## Records for this exercise
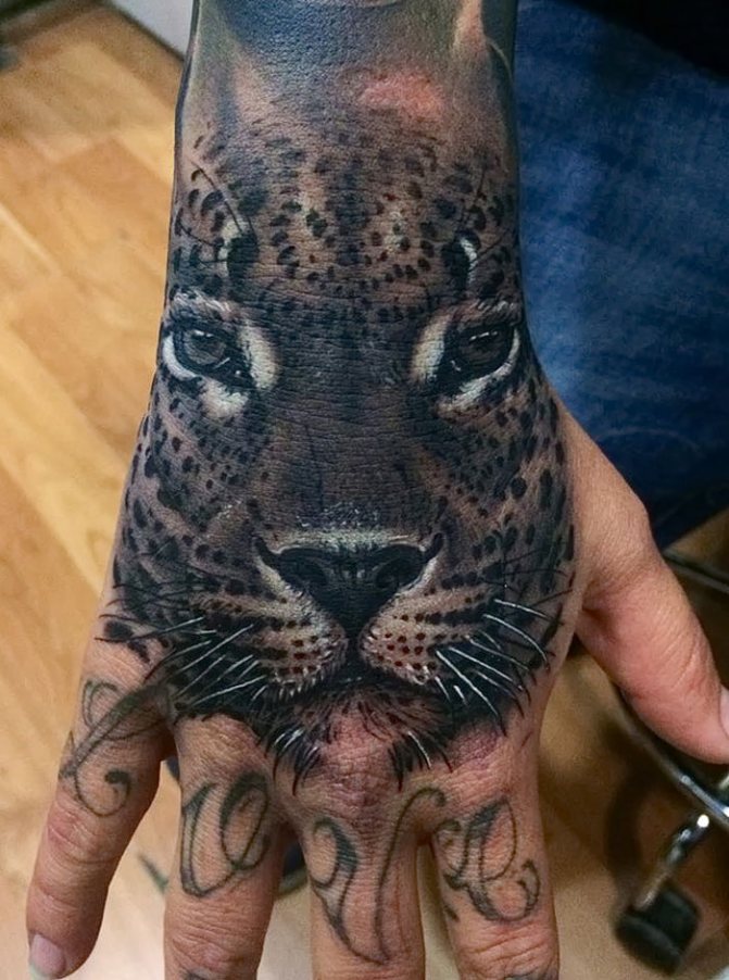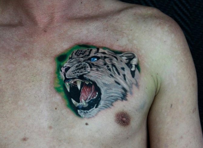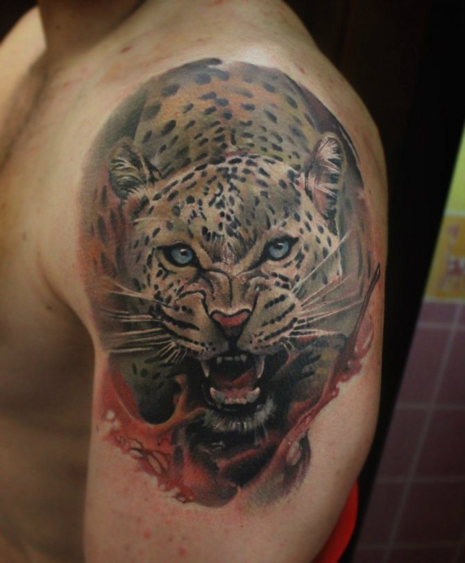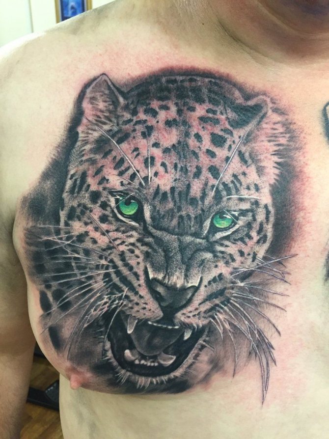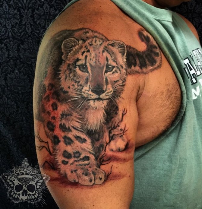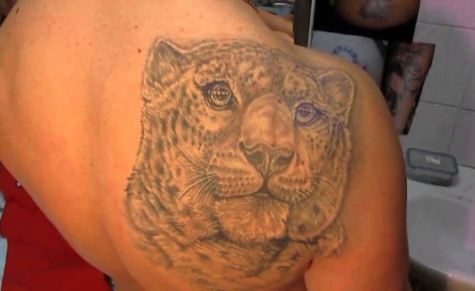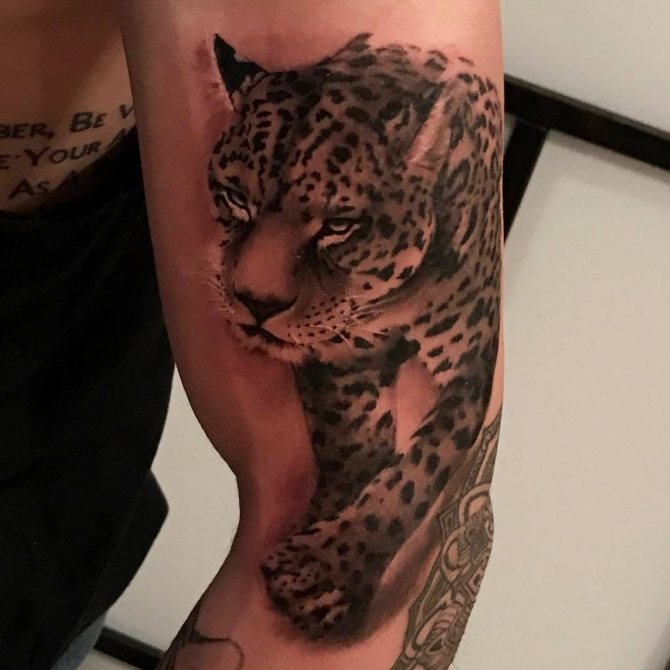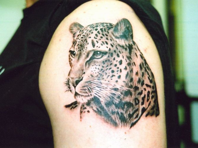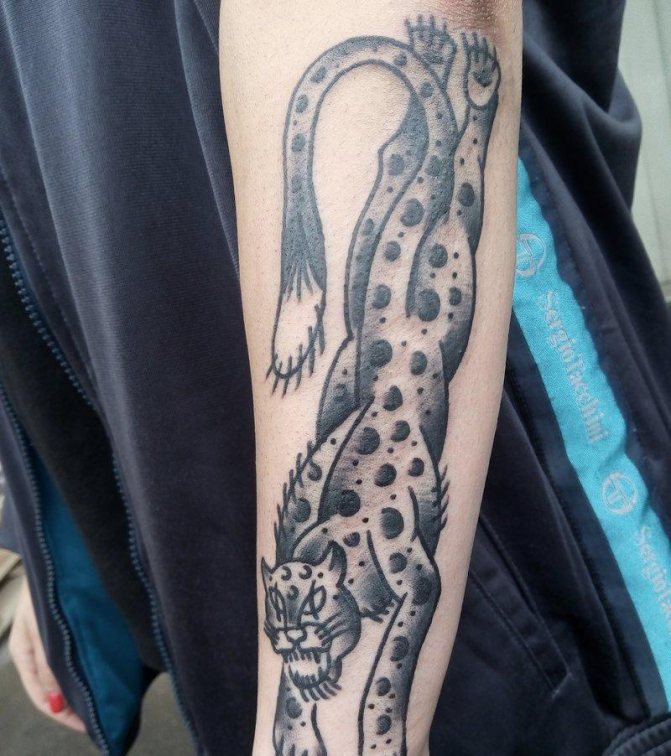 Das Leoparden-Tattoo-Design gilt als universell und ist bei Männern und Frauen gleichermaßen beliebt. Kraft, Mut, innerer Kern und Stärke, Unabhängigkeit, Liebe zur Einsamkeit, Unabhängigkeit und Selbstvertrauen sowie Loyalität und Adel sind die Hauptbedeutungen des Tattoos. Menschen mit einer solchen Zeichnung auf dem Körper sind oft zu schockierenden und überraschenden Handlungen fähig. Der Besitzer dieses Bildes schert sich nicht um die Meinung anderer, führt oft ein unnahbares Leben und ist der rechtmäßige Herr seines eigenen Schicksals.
--
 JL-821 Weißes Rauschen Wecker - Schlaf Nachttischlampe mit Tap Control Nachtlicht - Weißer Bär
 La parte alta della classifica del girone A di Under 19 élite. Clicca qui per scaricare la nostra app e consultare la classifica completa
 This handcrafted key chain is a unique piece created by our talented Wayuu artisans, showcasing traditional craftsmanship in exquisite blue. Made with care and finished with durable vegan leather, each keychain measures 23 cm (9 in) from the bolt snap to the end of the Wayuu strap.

## Task directions
Print only what lies in the material above starting at the line with "La parte alta" and ending at the line with "This handcrafted key", every line exactly as given.

## Result of this task
 La parte alta della classifica del girone A di Under 19 élite. Clicca qui per scaricare la nostra app e consultare la classifica completa
 This handcrafted key chain is a unique piece created by our talented Wayuu artisans, showcasing traditional craftsmanship in exquisite blue. Made with care and finished with durable vegan leather, each keychain measures 23 cm (9 in) from the bolt snap to the end of the Wayuu strap.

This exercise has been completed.